Mental Illness Doesn’t Make You Special by Freddie Deboer

Mental Illness Doesn’t Make You Special by Freddie Deboer

Before I get to the link and excerpts to the essay by Deboer, which are below, I wanted to say this:

I had clinical depression for around 35 or more years (I was diagnosed by one psychiatrist, and it was verified by more psychiatrists as I got older and moved from state to state), I still have an anxiety disorder, and I used to have social anxiety disorder, so I know what it’s like to deal with mental health issues. I had to deal with these issues largely all by myself for years.

I also know that most people who’ve never had depression, anxiety, or any other type of emotional or mental health conditions are clueless about it, and they tend to be insensitive about it, or make insensitive comments and suggestions.

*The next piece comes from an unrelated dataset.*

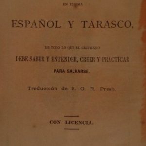 CATECISMO PEQUEÑO EN IDIOMA ESPAÑOL Y TARASCO, DE TODO LO QUE EL CRISTIANO DEBE SABER Y ENTENDER, CREER Y PRACTICAR PARA SALVARSE. TRADUCCION DE S. O. R. PRESB. CON LICENCIA. CATECISMO ZAPICHU CATAMBA ESPAÑOL CA TARASCO HIMBO, YAMENDO AMBEERI YNQUI CRISTIANO KUANINCHCA MITENI CA CURHANGUNI, HACAHCUNI CA NIATANI EUAHPEQUARENTSTANI UECANI. MONGARHITAQUA S. O. R. CASZIREQUA. SESEQUA HINGUN

But in the last few years, I have seen people – usually people in their teens or 20s, and some of the adult, far left mental health professionals – almost act as though having depression (or whatever mental health condition) makes them unique little snowflakes and deserving of lots of attention and pity.

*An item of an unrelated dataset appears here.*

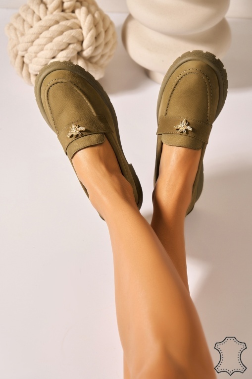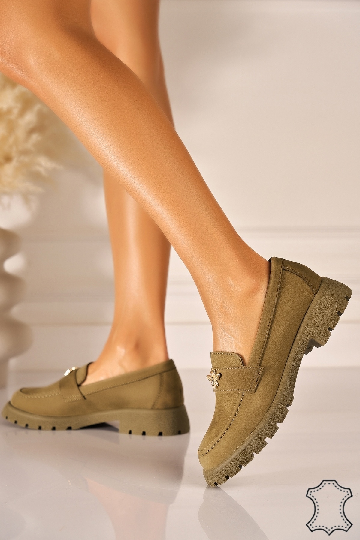 Mocasini dama Piele Naturala Intoarsa Verzi Inori2

This attitude and behavior makes me want to barf.

I used to have a friend named Mary (not her real name) who I met online (who I now suspect is borderline – borderline personality disorder), and while I briefly mentioned to her early a time or two in in our friendship that I had depression for years, I never made a big fuss out of it, nor did I tell her for years that I also had suicidal ideation.

(I mentioned having depression to her a time or two after Mary began sharing with me that she had mental health issues.)

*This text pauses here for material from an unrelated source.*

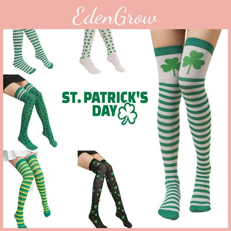 Women St. Patrick's Day Thigh High Striped Shamrock Socks Over Knee Stockings

It was not something I was proud of.

I spent years researching depression and how to get rid of it. I also read up on tips on how to get rid of anxiety. I did not like having either condition. I did not use either as pity ploys or to get attention from others.

But this suspected BPD friend of mine, Mary – who was a drama queen – often would come on to our forum where we participated to complain about how life was so unfair, and she was going to kill herself.

I took her suicide threats seriously for many years – until around the 6th or 7th year of this. It was then that my intuition was telling me she was using such threats as attention-getters, as pity ploys.

It became a predictable pattern with her: about once every 8 to 9 months, she’d storm on to the forum complaining about how life was so terribly unfair, and how she was going to go kill herself.

So after several years of this, I stopped addressing Mary’s posts where she threatened suicide. Once I stopped doing that, she would come to the forum later, behave sheepishly, and admit she was being a drama queen and just wanted attention.

I do see more and more people in the past few years wearing their mental health problems like some kind of strange badge of honor.

They feel that having a mental health problem makes them “special,” “unique,” and they want attention and sympathy for it – this is never how I approached having anxiety and depression, so I find this very foreign, weird, and off-putting.

Unlike today’s mental health sufferers, I didn’t get a sense of identity or purpose from having depression or anxiety, either, nor did I want to, because that is not a healthy thing to do.

I also didn’t go around frequently, loudly, broadcasting all the time that I had depression and anxiety. When I did discuss it (online), it was under a pseudonym.

I have grown to dislike the word “neuro-divergent” that these people who act like fragile, attention-seeking snowflakes have developed. One can no longer just say that she “has depression” but one now is expected to say that she is “neuro divergent” or “not neuro typical.” It is to barf.

I’ve met people over my life, whether they have clinical depression, a personality disorder – whatever it may be – and some of them absolutely use their mental health problems (which may be accompanied by a personality disorder) to as a way to get attention and compassion from others.

It’s almost as though they don’t really want to be healed, be cured, and move on – no, they take a perverse sense of comfort in having whatever mental health problem, and they may even use it as an excuse about why they supposedly cannot get up and move on in life.

I’ve written posts on this topic before, so I won’t go into detail here, but during the years I had clinical depression and was very codependent (a people pleaser and a good listener),
I kept attracting other clinically depressed (or other types of troubled) people to me, and while I was there for these people, offering them months to years of emotional support, most of them offered me little to none in return. I’ve since learned to detach from such troubled people, which I’ve written of before in other posts.

(Link): Mental Illness Doesn’t Make You Special

Excerpts:

Why do neurodiversity activists claim suffering is beautiful?
BY FREDDIE DEBOER
April 29, 2022

Marianne Eloise wants the world to know that she does not “have a regular brain at all”. That’s her declaration, on the very first page of her new memoir, Obsessive, Intrusive, Magical Thinking.

The book catalogues her experience of a dizzying variety of psychiatric conditions: OCD, anxiety, autism, ADHD, alcohol abuse, seasonal affective disorder, an eating disorder, night terrors, depression.

By her own telling, Eloise has suffered a great deal from these ailments; I believe her, and wish better for her.

But she would prefer we not think of them as ailments at all. And that combination of self-pity and self-aggrandisement is emblematic of our contemporary understanding of mental health.